Pasta casserole with zucchini and cheese

Ingredients (for 4 servings):
– 250 g of pasta (e.g. tubes, spirals, penne),
– 2 medium zucchini,
– 1 small onion,
– 2 cloves of garlic,
– 150 ml of 30% cream or Greek yogurt,
– 2 eggs,
– 150 g of grated yellow cheese (e.g. mozzarella, gouda),
– 2 tablespoons of olive oil,
– salt, pepper, Provençal herbs to taste,
– optional: a pinch of nutmeg or fresh herbs (basil, thyme).
Preparation:
Cook the pasta in salted water until al dente. Wash and coarsely grate the zucchini, lightly salt it, and let it sit for 10 minutes, then squeeze out any excess liquid. Finely chop the onion and press the garlic. Sauté the vegetables together in olive oil for 3–4 minutes, seasoning to taste.

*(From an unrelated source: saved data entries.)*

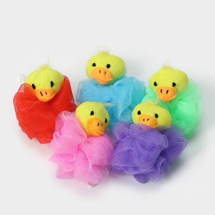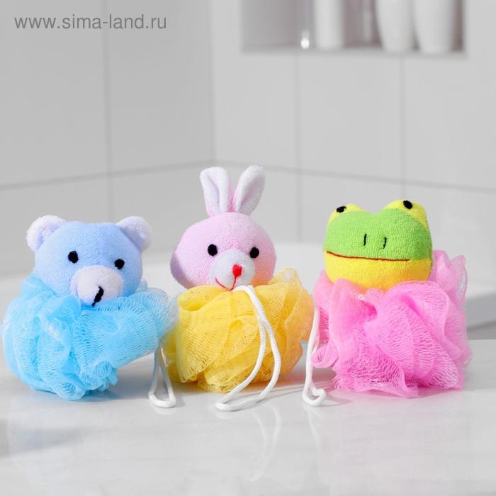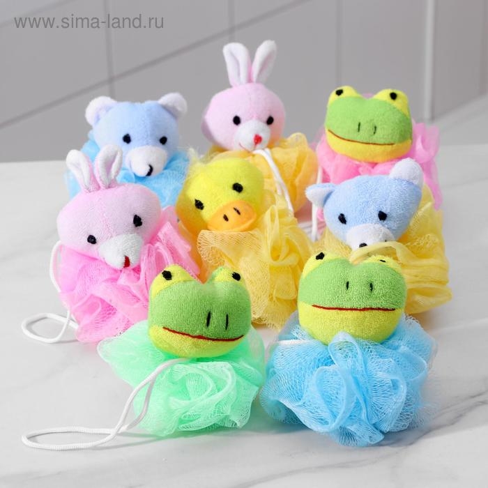 Мочалка детская с мягкой игрушкой Доляна «Зверята», 20 гр, игрушка и цвет МИКС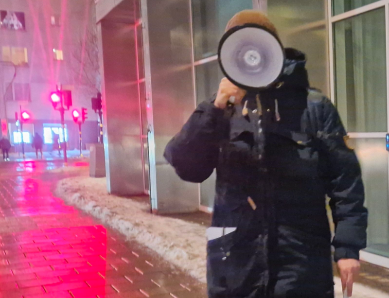 Aktivisterna höll sig varma med talkörer, varav flera hördes även vid Stoppa pendeltågskaosets förra protest utanför trafikförvaltningen, den 21 november: ”Avgå, Anton Fendert”, ”Likvärdighet, tillgänglighet – arbetarklassens kampenhet”, ”Svikare och sossepamp: vi är resenärer i enad kamp – vi vill ha tågvärd, vi vill ha ramp”, ”Lyssna på lokförarna! Återinför tågvärdarna”.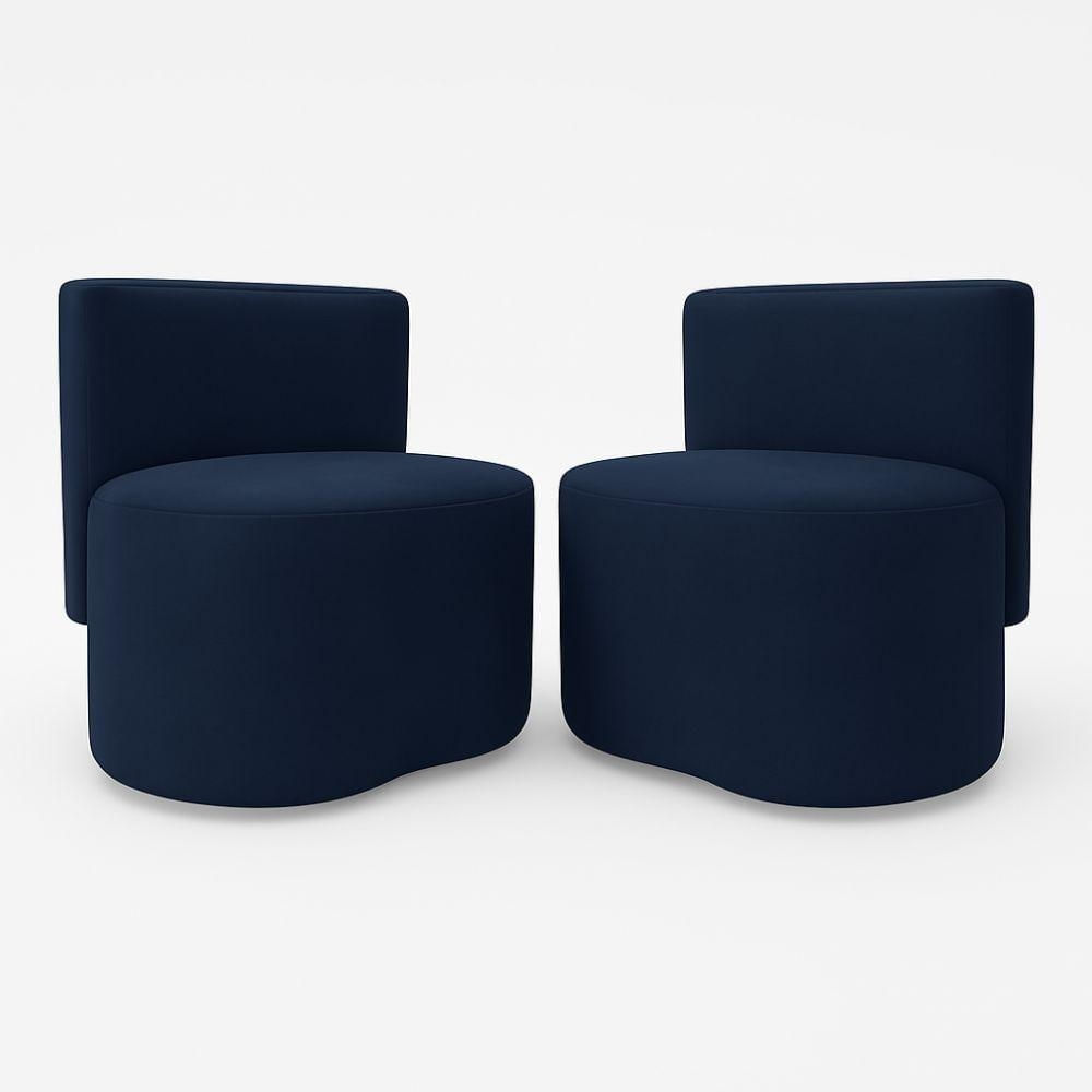 Kit 2 Puff Feijão Curvo Orgânico Redondo Com Encosto Sala Quarto Resistente Confortável Suede Suede Azul

In a bowl, combine the cream, eggs, spices, and half of the grated cheese. Add the zucchini, onion, and pasta, and mix thoroughly. Transfer the mixture to a greased ovenproof dish and sprinkle with the remaining cheese.
Bake at 180°C for 25–30 minutes, until golden brown on top. Serve warm, for example with a tomato salad or fresh dill.